__Data__:
# # # # # # #

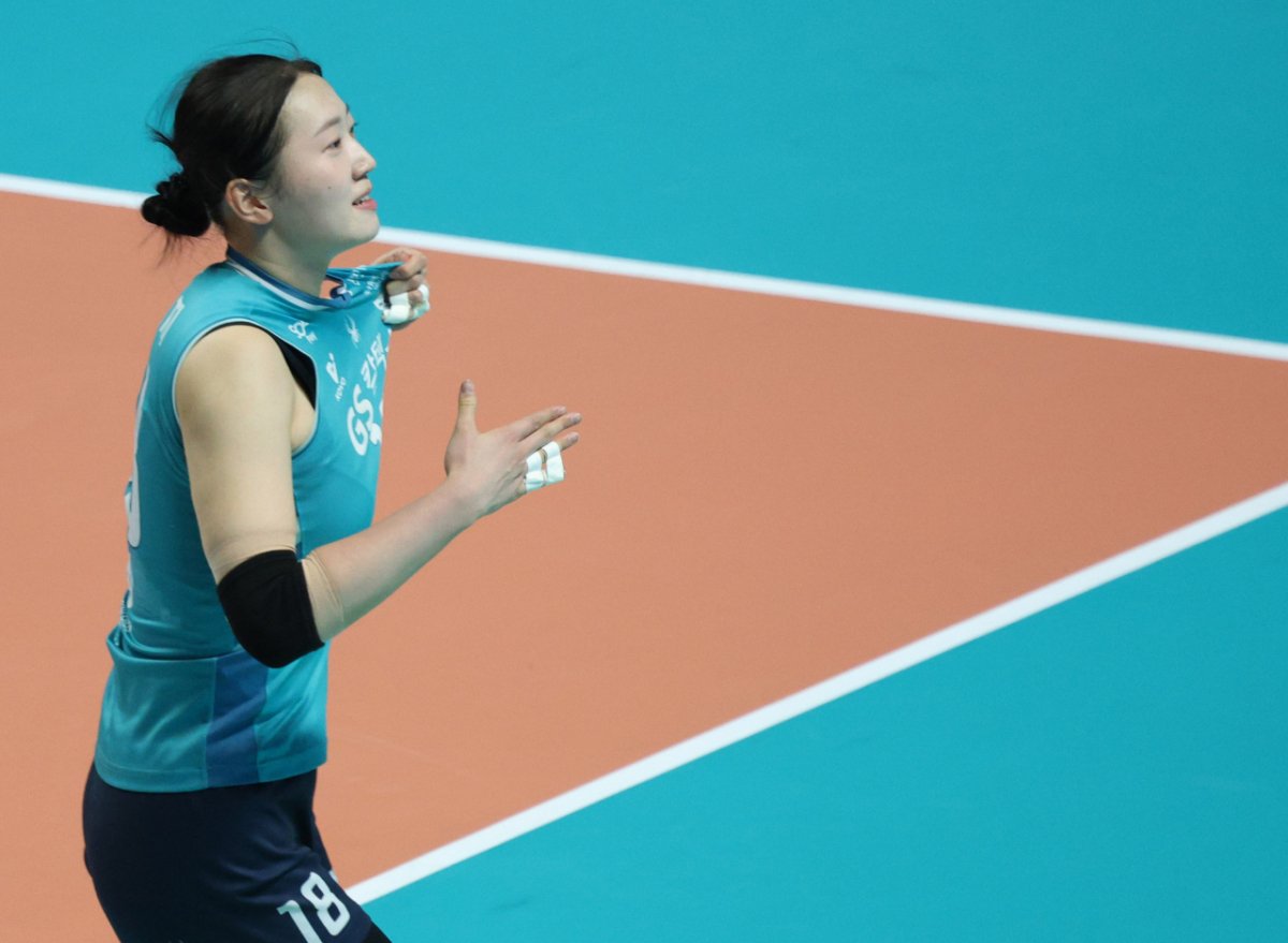 2025-2026 V-리그 포스트시즌 여자 프로배구 챔피언 결정전 3차전 GS칼텍스 대 한국도로공사 경기가 5일 서울 장충체육관에서 열렸다. GS칼텍스 권민지가 결정적인 블로킹에 성공했다. 권민지는 블로킹 성공 후 세리머니를 했다.
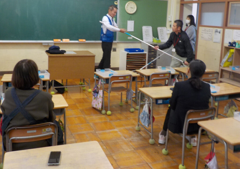 不審者対応の避難訓練のために、職員研修を行いました。警察OBのスクールサポーターから、学校への不審者侵入の現況や対応の基本について教えてもらいました。いざというときでも落ち着いて、刺激せず、距離を取ることが大切だとわかりました。
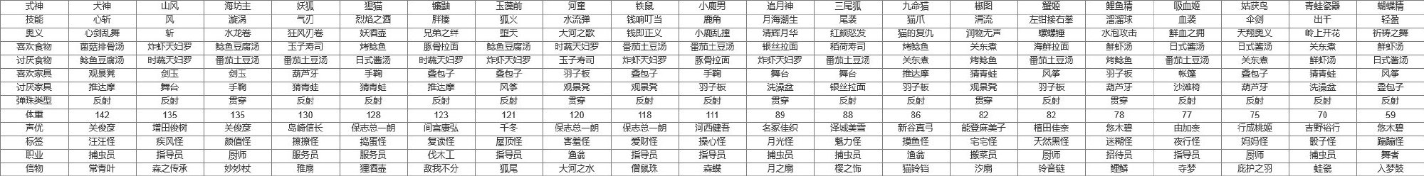 参考答案以式神体重排序,建议家主在参加比赛前,多看几遍式神的答案,不要边答题边找答案。
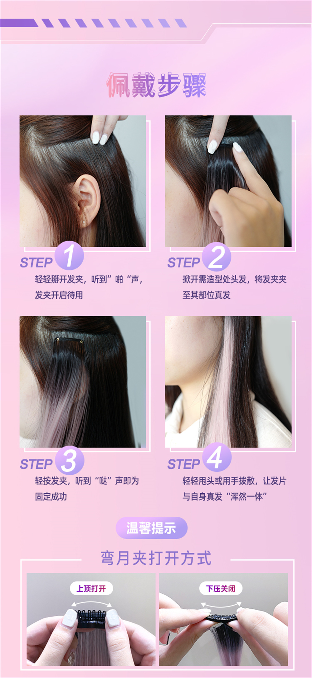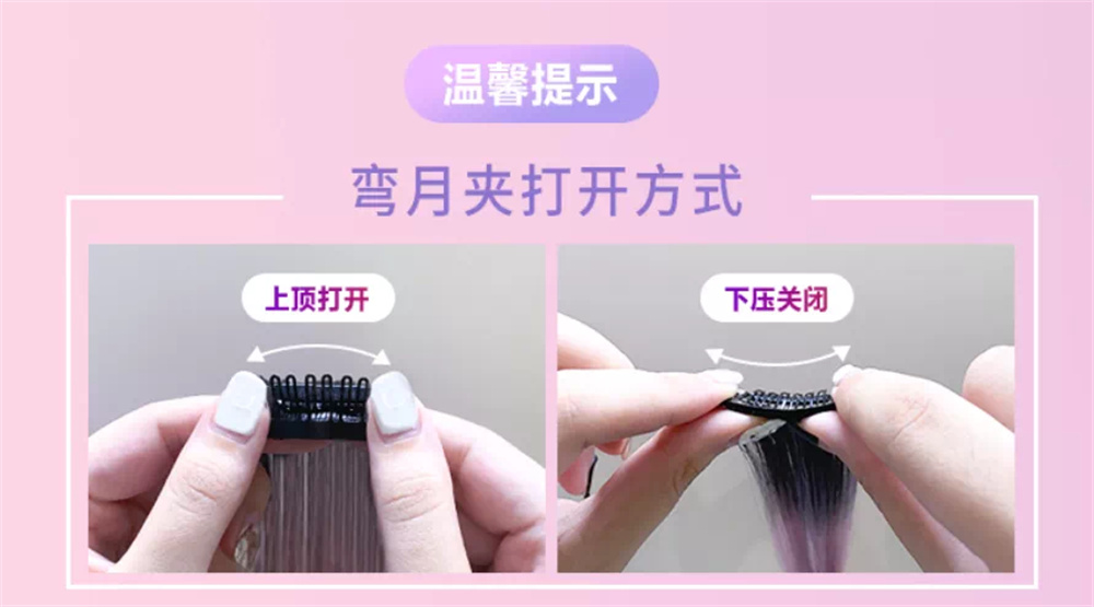 3:发夹是定制的弯月夹,在用的时候,发夹是挺贴头皮的,一整天也不会往下掉,取下来时也不会拉扯头发

# # # # # # #

__Task goal__: Please retype the data exactly as it appears, but without any of its pictures.

__Answer space__:
 2025-2026 V-리그 포스트시즌 여자 프로배구 챔피언 결정전 3차전 GS칼텍스 대 한국도로공사 경기가 5일 서울 장충체육관에서 열렸다. GS칼텍스 권민지가 결정적인 블로킹에 성공했다. 권민지는 블로킹 성공 후 세리머니를 했다.
 不審者対応の避難訓練のために、職員研修を行いました。警察OBのスクールサポーターから、学校への不審者侵入の現況や対応の基本について教えてもらいました。いざというときでも落ち着いて、刺激せず、距離を取ることが大切だとわかりました。
 参考答案以式神体重排序,建议家主在参加比赛前,多看几遍式神的答案,不要边答题边找答案。
 3:发夹是定制的弯月夹,在用的时候,发夹是挺贴头皮的,一整天也不会往下掉,取下来时也不会拉扯头发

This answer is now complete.